At the beginning of this crisis, food insecurity was widespread, as supermarket shelves were stripped bare ahead of the uncertainty of weeks or months being spent in our homes.
Now things are changing. The shelves are being restocked as we edge back to normality. But for a huge number of people, food insecurity remains a daily reality.
If rumours that the government’s food programme for people who are shielded from covid-19 is due to stop later this month turn out to be true, many of our most vulnerable will face real difficulties.
Those struggling are often less visible.
They are the families in hostels, like those along London Road, there are those with no recourse to public funds, those rejected for furlough (including self-employed workers who don’t have three years of tax returns), there are those in the informal economy who often lack citizenship status, those still waiting for their benefits to come through, those without the language or connections to apply for state aid, and there are the self-isolating, elderly or less tech-savvy people who are unable to navigate internet deliveries.
Our foodbanks need donations to help people facing these challenges every day.
We don’t just have to stand by and watch.
Croydon covid-19 mutual aid is giving residents another way to help their neighbours. Inspired by an idea and the work of Fatima at the Croydon Community Foodbank, we’re offering free brightly coloured bins so that streets and neighbourhoods can pull together donations for their local foodbanks.
All you need to do is reach out to your local foodbank, check they need support, offer your home or drive as a donation point and reach out to your neighbours and local mutual aid network (all across the borough, listed and with contact details by clicking this link) to ask them to fill up the bin each week.
We are asking for just #onetin each to make the difference.

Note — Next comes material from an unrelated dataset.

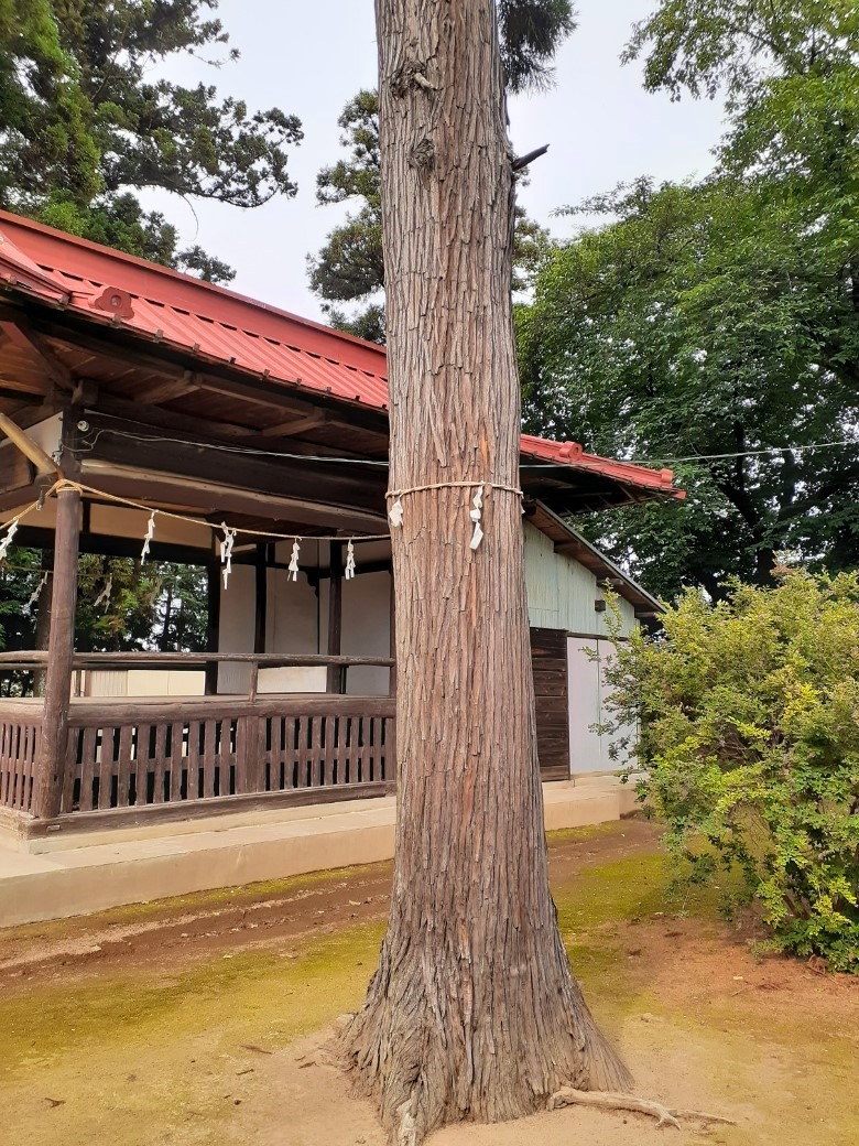 地図等でこの地域を確認すると、櫛挽台地の一角にあるこの岡白鬚神社周辺は、南北に細長いこの住宅街が西側に防風林を背負うように立ち並んでいて、冬時期において周辺が赤城おろしの強い地域であったが容易に推測される。参拝日が1月という事もあり、新緑深い生命力あふれる時期とは違い、寒さや強風を耐え忍んできた痕跡が、樹木の肌の至る所に見える。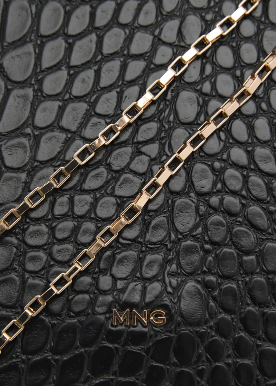 Kilka przegródek na karty. Zapięcie u góry na suwak. Detal z logo. Odpinany łańcuch. Duża wielkość. PU.

I’ve seen this work in my own area on Bramley Hill. Neighbours I know and those I’ve never met come quietly, wearing gloves, smile and lift up the lid of the bright yellow bin. Maybe the experience of facing food insecurity at the start of the crisis increased our empathy, or maybe it’s just easy to drop something off locally now the shops are restocked. But it works and people are generous. Most foodbanks are grateful for all donations, as previous sites for donation bins, such as churches, are still closed and unable to function.
The families who receive the food are even more appreciative. One single mum, out of work and self-isolating with a sick relative, said she was in tears when we delivered parcels over Easter that meant her kids finally got a bit of chocolate in the holidays.
Some will say that food donations such as these are simply “sticking plasters”.
They are right. Food donations do not solve the deep underlying causes of poverty, inequality and insecure employment, wages and rights that we must fix as a society.
But plasters are still needed while the real healing takes time. While we fight, organise and campaign for that deeper change, we can also make sure that people are fed right now. This collective organisation also keeps us alive to those injustices, and reminds us not to forget or leave behind those who live beside us.
It might be small, but we can make a difference, one tin at a time.